= Program information file =

Settings for running MS-DOS applications

A program information file (PIF) defines how an MS-DOS program should be run in a multitasking environment, including the amount of memory it needs. PIFs originated with TopView, and were inherited and extended by DESQview and Windows.

==Basic overview==
The PIF file originally contained only one block of data storing the parameters needed to run under TopView. These included fields like an ASCII string for the window title, the maximum and minimum amount of RAM needed, and bitmaps for switches like whether or not the window should be closed when the program exits.

When the system was adapted for use under Windows, the developers faced the problem that there were additional switches that did not apply to TopView. Instead of simply adding the new switches to the end of the file, they instead re-imagined the file as a database file containing any number of entries. In theory the file consisted of a number of header areas describing what operating system should read the section, and an offset to the next section. Systems would read down the list until they found the most appropriate one.

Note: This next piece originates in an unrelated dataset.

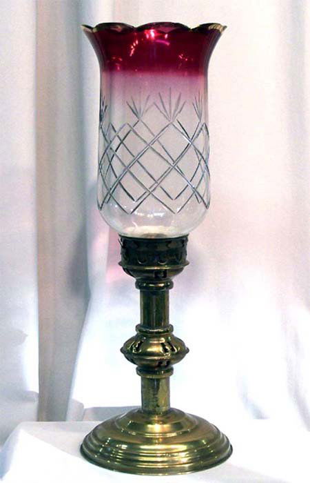 CRANBERRY FLASH GLASS CANDLESTICK

However, this left a problem with backward compatibility. If the file started with a header, even if it was for the original switches, TopView and DESQview would not be able to read it properly. The file was thus re-arranged with the first header appearing after the initial data, which left the first 253 bytes of the file in the same format as before.

== Notes ==
- A program information file for a DOS-based program is a shortcut to the program executable. All the settings saved in the PIF are contained in the shortcut.
- Although a file in PIF format does not contain any executable code (it lacks executable files' magic number "MZ"), Microsoft Windows handles all files with (pseudo-)executables' extensions in the same manner: all .COMs, .EXEs, and .PIFs are analyzed by the ShellExecute function and will run accordingly to their content and not extension, meaning a file with the PIF extension can be used to transmit computer viruses.
- The concept of program information files was also used under Digital Research operating systems such as Concurrent DOS, Multiuser DOS, System Manager and REAL/32. Using the PIFED command, the necessary program information got directly embedded into the .EXE or .COM executable file.